Я сидел на корточках, весь горя, один, я отбрасывал антрацитовую тень, и джунгли Горсхилла кишели дикой, немыслимой птицей и рыбой, она летала и прыгала, скрытая под цветами о четырех стеблях с коней ростом, и был ранний вечер в балке под Карматеном, и мой друг Джек Уильямс, невидимый, был рядом, и все мое юное тело меня обхватывало, как раззуженный зверь, — коленки в ссадинах, бухающее сердце, глубь и жар между ног, в ладонях щекотка пота, который сбегал по желобкам за ушами, шарики грязи между пальцами, глаза в глазницах, перехваченное горло, сумасшедше зудящая кровь — а память уже порхала, и плавала, и прыгала, готовая запустить в меня когти. Там тогда, играя в индейцев в тот вечер, я себя чувствовал самым центром живой истории, которую сочиняло мое тело. Я не выдержал, вскочил и снова бросился сквозь отчаянно царапающуюся куманику.
Джек крикнул:
— Я тебя вижу! — и побежал за мной. — Паф! Паф! Ты убит!
Но я был молодой, и живой, и громкий, хоть покорно рухнул на землю.
— А теперь ты меня убей, что, слабо? — крикнул Джек. — Считай до ста.
Я закрыл один глаз, и я видел, как он затопал к верхнему полю, а потом на цыпочках спустился обратно и полез на дерево, и я досчитал до пятидесяти, я подбежал к тому дереву и убил карабкающегося по нему Джека:
— Ну, падай!
Он отказался падать, я полез за ним, мы уцепились за верхние ветки и смотрели на нужник в углу поля. Гуилим сидел на стульчаке со спущенными штанами. Маленький, черный.

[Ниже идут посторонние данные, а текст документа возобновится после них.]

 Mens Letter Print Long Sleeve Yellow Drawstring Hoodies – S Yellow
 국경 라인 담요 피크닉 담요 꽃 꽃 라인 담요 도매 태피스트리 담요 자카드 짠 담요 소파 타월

Он шевелил руками и читал книгу.
— Мы тебя видим! — крикнули мы.
Он подтянул штаны и сунул книгу в карман.
— Мы тебя видим, Гуилим!
Он вышел в поле.
— Где же вы?
— На небе! — крикнул Джек.
— Летаем! — крикнул я.
Мы раскинули руки, как крылья.
— Ну тогда вниз летите!
Мы качались и смеялись в ветвях.
— Ах, птички какие, — сказал Гуилим.
Куртки на нас были разодраны, носки мокрые, башмаки облеплены грязью; лица и руки были зеленые от мха и темные от коры, когда мы спустились к ужину и взбучке. Энни в тот вечер не очень ярилась, только обозвала меня обормотом, сказала, что и не знает, как она будет теперь в глаза миссис Уильямс глядеть, а Гуилим мог бы уж присмотреть за нами. Мы строили Гуилиму рожи, насыпали ему соли в чай, но он сказал после ужина:
— Можете зайти в часовню, если хотите. Перед самым сном.

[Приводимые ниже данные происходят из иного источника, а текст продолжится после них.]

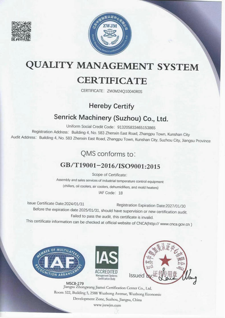 森瑞克機械(蘇州)有限公司(簡稱:SENRICK)是一家中外合作性企業(yè),引進技術(shù),專注于工業(yè)制冷設(shè)備,工業(yè)溫控設(shè)備,非標(biāo)制冷設(shè)備,集激光,化工,真空設(shè)備輔機等集研發(fā)、生產(chǎn)、銷售、服務(wù)于一體的的現(xiàn)代化科技企業(yè)。公司擁有完善的制造設(shè)備,先進的檢測系統(tǒng),獨立的加工、生產(chǎn)工藝,一支開拓創(chuàng)新專業(yè)有素的技術(shù)人才團隊,以及全面的質(zhì)量控制體系,為產(chǎn)品質(zhì)量的不斷優(yōu)化提供了強大的保障,以確保滿足不同市場的各種需求。經(jīng)過多年的努力企業(yè)相繼研發(fā)生產(chǎn)出了工業(yè)冷水機,工業(yè)冷風(fēng)機,工業(yè)冷油機,工業(yè)機,低溫冷水機,低溫冷風(fēng)機,低溫冷油機,螺桿式冷水機...
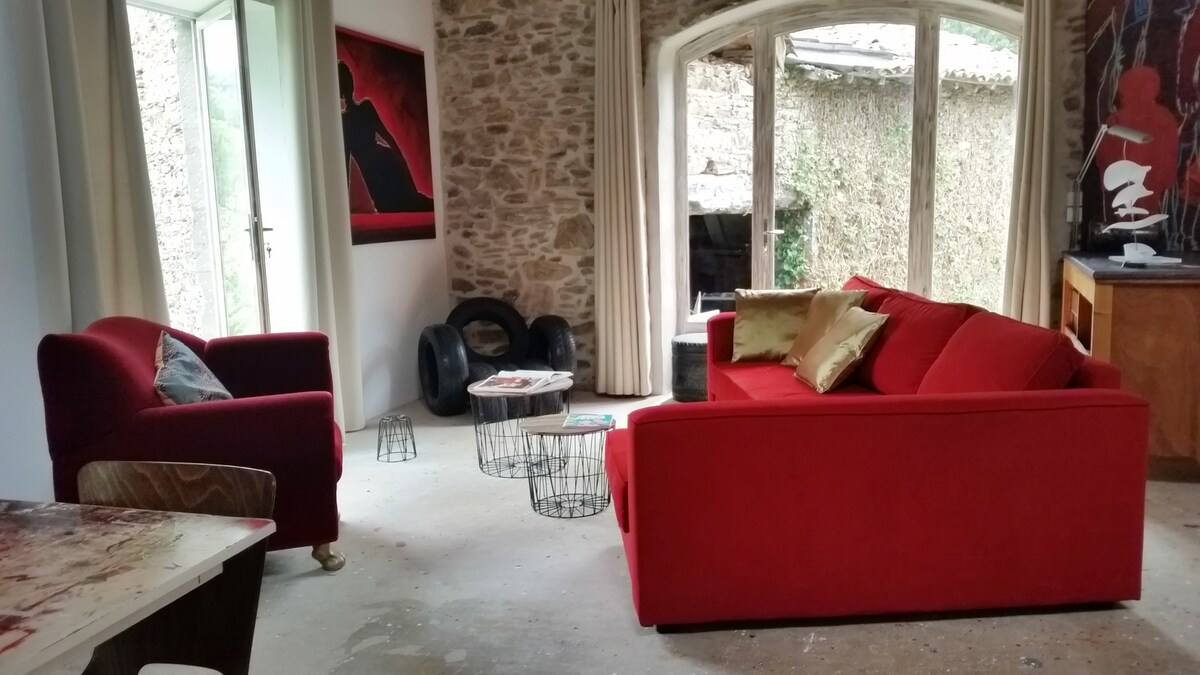 Immerso nella natura in un vecchio mulino, l'Atelier 22 è un tranquillo open space d'artista dotato di fibra. Tra Lione e St-Etienne (45 minuti) con giardino, fiume, stagno, foresta. Per fare musica, lavorare, sogniare ad occhi aperti, tubare, passeggiare in una campagna verdeggiante (escursioni, mountain bike). Parcheggio privato gratuito, attrezzature per la pittura, mobili da giardino, barbecue... Ideale per 2 (letto 160) +2 pers. su divano letto e altri 2 nella Carabane (estate). Un paradiso per vivere un'esperienza autentica.

Он зажег свечу на амвоне. Маленький огонек в большой риге. Нетопырей уже не было. Тени вверх тормашками свешивались со стропил. Гуилим был уже не мой двоюродный брат в воскресном костюме, а кто-то высокий, чужой, похожий на лопату в плаще, и с глубоким-глубоким голосом. Солома была живая. Я думал про эту проповедь: за нами следят, следят за сердцем Джека, примечают каждое слово Гуилима, и мой шепот — «смотри-ка, там глазки» — запомнится навсегда.
— А теперь я буду принимать исповедь, — сказал с фургона Гуилим.
Мы стояли с Джеком, без шапок, в кругу свечи, и я чувствовал, как дрожит Джек.
— Ты первый. — Палец Гуилима, такой яркий, будто он его поджег на свече, был устремлен в меня, и, подняв голову, я шагнул к амвону.
— Ну, исповедуйся, признавайся, — сказал Гуилим.
— В чем признаваться-то?
— Что делал, самое плохое.
Из-за меня выпороли Эдгара Рейнольдса, потому что я у него стащил домашний урок, я воровал у мамы из сумочки; я воровал из сумочки у Гуиннет; за три посещения библиотеки я украл там двенадцать книг и выбросил в парке; я выпил стакан своей мочи, чтобы узнать, какая она на вкус; я бил собаку палкой, пока она не упала на землю, и она лизала потом мою руку; я подглядывал с Дэном Джонсом в замочную скважину, как моется их работница; я порезал перочинным ножом коленку, вымазал кровью платок и сказал, что кровь из уха, и притворялся больным и пугал маму; я спустил брюки и так показался Джеку Уильямсу; я смотрел, как Билли Джонс насмерть забивал голубя кочергой, и я хохотал и потом блевал; мы с Седриком Уильямсом прокрались в дом к миссис Сэмюэлс и залили ей простыню чернилами.
Я сказал:
— Ничего я плохого не делал.
— Давай, давай исповедуйся, — сказал Гуилим. Он хмурился.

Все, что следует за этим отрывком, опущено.